The facility consists of two main parts - the wheel building area, or BPM (Biel Performance Manufacturing), and the Performance Test Center. The majority of DT Swiss wheel building is done in Poland, with the BPM available for special needs and extra capacity for high-demand parts of the year.
DT reports that their sales are about 55% mountain bike (including E-MTB) and 45% road (including gravel). They didn’t officially sell gravel-specific products until 2019, so more exact numbers aren’t yet available. Prior to this, their Endurance Range and CX products took care of gravel needs for DT customers.
Richard travels with only one set of wheels at a time, swapping clincher tires for training (Vittoria Rubino Pro) and racing (Vittoria Open Corsa). He uses either the ARC 1100 DICUT 48 or PRC 1100 DICUT 35, depending on course profile.
Which is better for doing wheelies? That we don’t know.

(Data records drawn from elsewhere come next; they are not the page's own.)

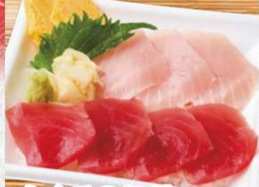
まぐろ2色丼 803円 (税込868円) 鯖赤身と、びんちょう鯖が、いっぺんに味わえる、磯丸人気No.1丼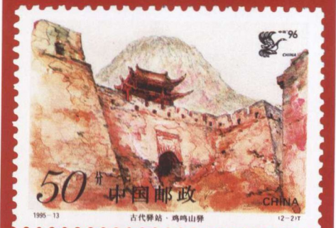
古代驿站“鸡鸣山驿”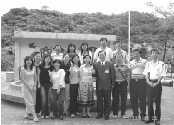
▲ 家長會正向參與學校教育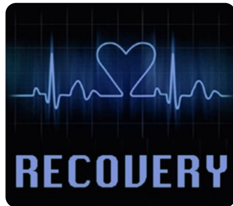
Recovery (оценка восстановления пульса)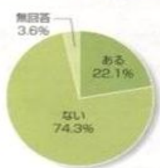
☆喫煙経験 (中学3年男子)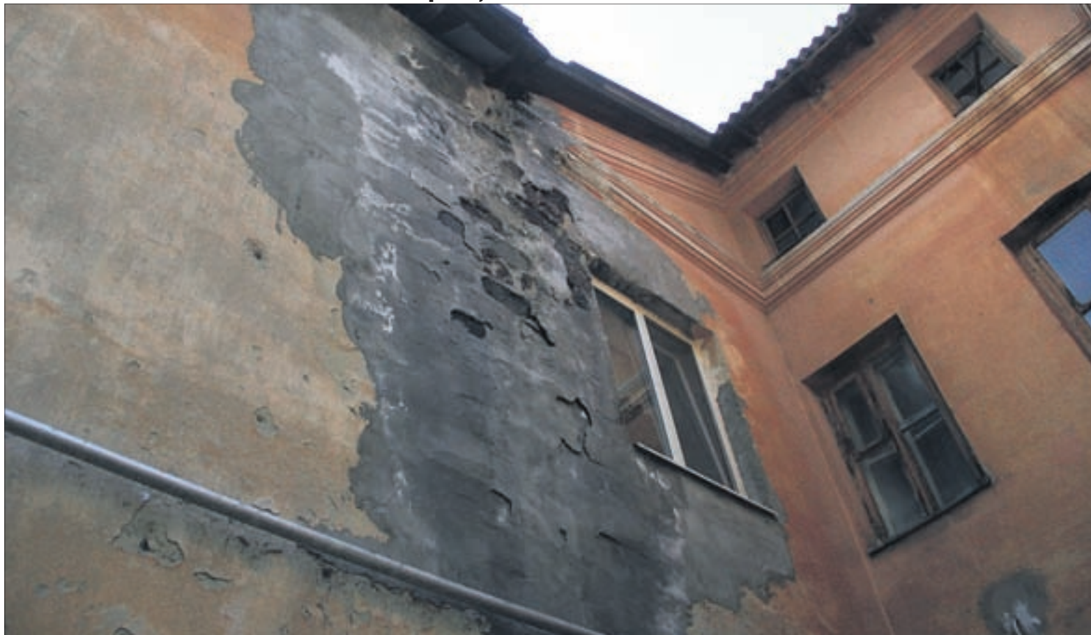
Стену на Папанинцев, 22 ремонтировали недавно, однако новая штукатурка отвалилась кусками, а фасад продолжает разрушаться.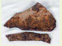
佐須地域に落下した爆弾の破片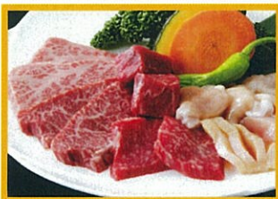
炭火焼肉トラジ 2,300円(税込) 赤肉、白肉7点盛り(税込) ※ディナータイム:サービス料10%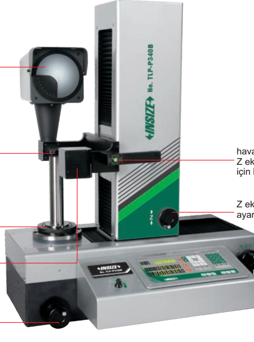
havalı destek düğmesi, X ve Z eksenlerinin hızlı hareketi için kullanılır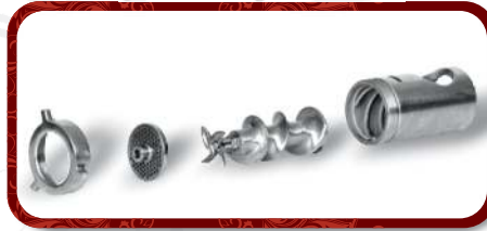
Removable Head Unit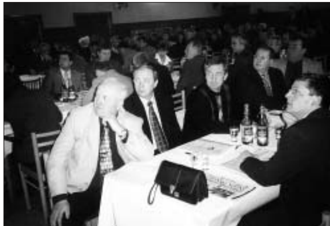
● Pohľadom na rokujúcich starostov sa vraciame k Snemu ZMO - región JE Jaslovské Bohunice, ktorý sa konal 4. marca 2004.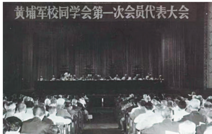
◆1985年，黃埔軍校同學會第一次會員代表大會在北京召開。 網上圖片

2014年9月26日，中共中央總書記習近平在會見由黃埔十六期生、台灣新同盟會會長許歷農率領的台灣和平統一團體聯合參訪團時指出，「中華民族偉大復興與兩岸同胞前途命運緊密相連。台灣的前途繫於國家統一，台灣同胞的福祉離不開中華民族的強盛」，「希望台灣同胞同大陸同胞一道，在推進中華民族偉大復興和實現國家和平統一的進程中，把握住機遇，相互扶持，緊密合作，為過上平安寧、幸福美好生活，為在世界上共享中華民族尊嚴和榮耀而攜手奮鬥」。 來源：中共中央統戰部網站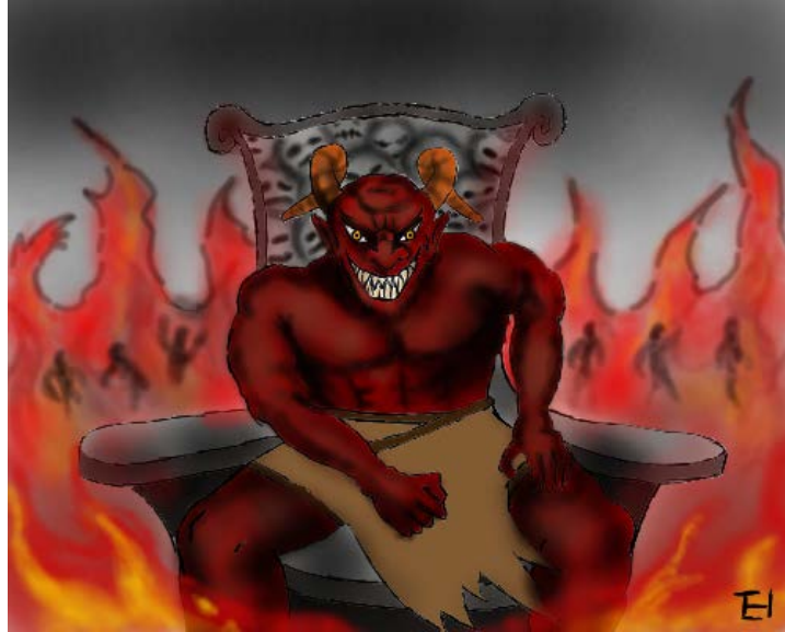
Adunay bayad sa. sala

15 Ug kon ang ngalan ni bisan kinsa dili makaplagan nga nahisulat diha sa basahon sa kinabuhi, siya itambog ngadto sa linaw nga kalayo.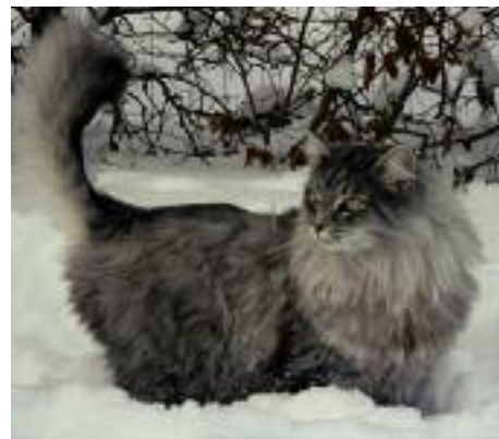
Skovkattens vinterpels giver god beskyttelse mod kulde og sne.

Naturens hårde udvælgelse har været med til at give den Norske Skovkat sine karakteristika. Skovkatten har nemlig fået høje tykke ben, så den kan færdes i et sne-dækket landskab, lange hår mellem tærerne (kaldet snesko) så den undgår at sneen klumper sammen mellem tærerne og at få forfrysninger i trædepuderne. En kraftig vandskyende pels på kroppen, som giver perfekt beskyttelse mod kulde og regn er også vigtig for en naturkat. Endelig har den fået den lange buskede hale der, når katten ruller sig sammen for at sove, holdes tæt til kroppen og ansigtet, og dermed giver katten mulighed for at holde varmen selv i et meget koldt klima.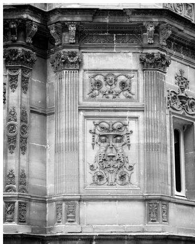
Détail d'un décor sur un panneau du château. IVR11_19857801455X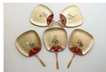
前回グランプリ受賞商品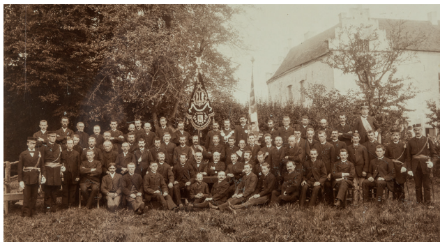
Schutterij St. Georgius en St. Sebastianus is statutair verplicht "om de zeven jaar" de draak te steken. Foto dateert uit 1896 en hangt in de Gildekamer aan de Muizenboekerweg.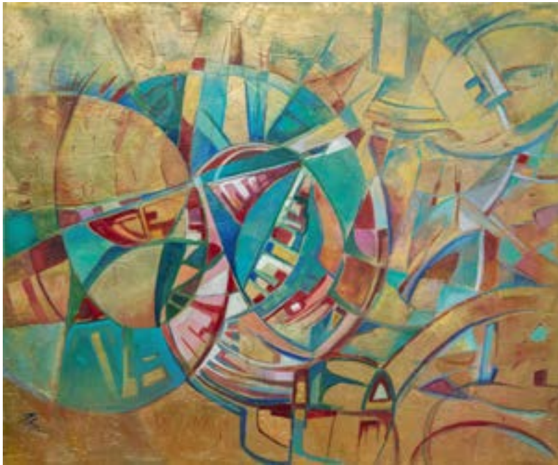
"Compenetrazioni" , acrilico su tela, 100x120, Mirella Raggi

Richard closely inspects spoke production. DT reports that an 800kg wire roll can produce 115,000 spokes.
Finished spokes come out in all shapes and sizes for different wheel applications – butted, bladed, or round.
Richard even tries his hand at lacing up a wheel – no easy feat for a beginner.
DT Swiss has 29 engineers on site, many of whom commute to work or take part in lunch rides.
The Performance Test Center is where all of the action happens, putting wheels through a rigorous series of tests to ensure quality and safety.
Drum machines test things like drive stiffness by putting force through the freehub to see how forces transmit to the hub and spoke system.
We don’t know if DT Swiss does any rolling resistance (Crr) tests here, but we can only hope.
In keeping with Swiss tradition, the test center appears to be very clean and orderly.
In addition to lab testing, DT reports that their factory test team has completed over 213,000km of test riding in the last three years.
Richard leaves his sponsor with a personalized wheel as a reminder of his visit.
Richard is chasing gold at the 2020 Games in Tokyo, and looks to be off to a good start in his preparation.